Builder confidence in the market for newly built, single-family homes climbed three points to 51 in March, according to the National Association of Home Builders/Wells Fargo Housing Market Index. This is the highest level since July 2023 and marks the fourth consecutive monthly gain for the index. It is also the first time that the sentiment level has surpassed the breakeven point of 50 since last July.
Key points
- With mortgage rates below 7% since mid-December per Freddie Mac, more builders are cutting back on reducing home prices to boost sales.
- In March, 24% of builders reported cutting home prices, down from 36% in December 2023 and the lowest share since July 2023.
- The average price reduction in March held steady at 6% for the ninth straight month.

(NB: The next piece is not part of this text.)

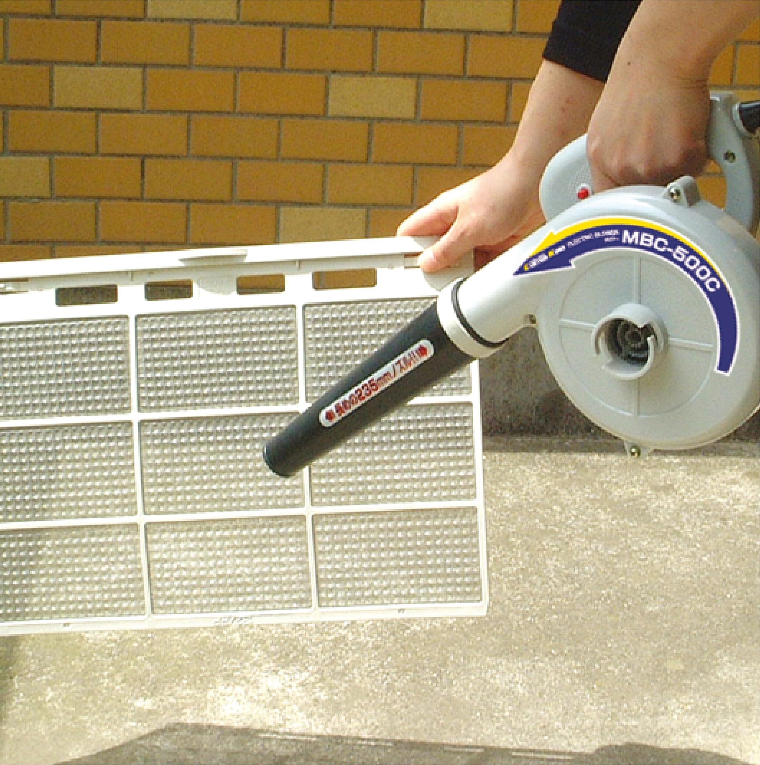 用途1:送風(吹き飛ばし)/アルミサッシやルーバーに積もったゴミの掃出し、細かいホコリや軽い木屑などの吹き飛ばし、クーラーフィルタのホコリの吹き飛ばし、室内から室外にホコリの掃出し、洗車終了後の水滴の吹き飛ばしに

- The use of sales incentives is holding firm; the share of builders offering some form of incentive in March was 60%, and this has remained between 58% and 62% since last September.
Notable quotes
“Buyer demand remains brisk and we expect more consumers to jump off the sidelines and into the marketplace if mortgage rates continue to fall later this year,” says NAHB Chairman Carl Harris. “But even though there is strong pent-up demand, builders continue to face several supply-side challenges, including a scarcity of buildable lots and skilled labor, and new restrictive codes that continue to increase the cost of building homes.”
“With the Federal Reserve expected to announce future rate cuts in the second half of 2024, lower financing costs will draw many prospective buyers into the market,” says NAHB Chief Economist Robert Dietz. “However, as home building activity picks up, builders will likely grapple with rising material prices, particularly for lumber.”